Does freedom of speech truly apply to everyone or does this freedom only apply when people espouse views similar to your own? Religious Demonstrator Matt Bourgault decided to aggressively preach his personal religious views. He was met with anything but tolerant champions of the cause for freedom and peace. Instead, he was met with intense hatred, malicious language, and objects being hurled at him. 

In contrast to what I witnessed, I’ve read the President’s email, as well as other commentary on the event. Does anyone but me see a problem here? Has our University truly found itself in such dire straits that it no longer understands the grounds upon which it was founded? The very students that claim to stand for peace and freedom were the same ones’ throwing full water bottles at the speaker, spitting on him, pushing him, shouting sexual obscenities about him and his family, throwing ice at him, shoving their middle fingers in his face, as well as many other “peaceful” gestures. Are these the people promoting freedom and peace?
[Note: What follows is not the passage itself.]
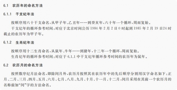 何永杰介绍,由中国科学院紫金山天文台起草的《农历的编算和颁行》(GB/T 33661-2017)进一步明确,农历年的命名方法有干支纪年法和生肖纪年法,而且生肖纪年的循环参考时间和干支纪年一致。比如,公历1984年2月2日为农历甲子年正月初一,鼠年也从这一天算起,公历1984年2月2日至1985年2月19日(除夕)为甲子鼠年。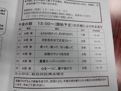 明日の運動会 天気に対応したプログラムです。午後の実施判断は明日になりますが、ご了承ください。

If you cannot openly discuss your personal views on a college campus where open discourse is necessary, then where can you? Isn’t the point of college life to invite differing viewpoints and debate? 

There was the widely held view that students in fact allowed him to speak. Standing in the inner circle that closed around him and grew tighter each minute, no one truly had any interest in conversing with him. Posts on social media regurgitated the same words I heard but in a different order, “Shippensburg unified against a hateful radical Christian.” It is amazing to me that college students across the country, including many at Shippensburg, are following a political agenda and embracing censorship and intimidation when dealing with opposing views. 

Real life is not a safe space where the company around you will always hold the same values as your own. If the situation were flipped and you were the one being encroached upon and silenced, how would you feel about the treatment received?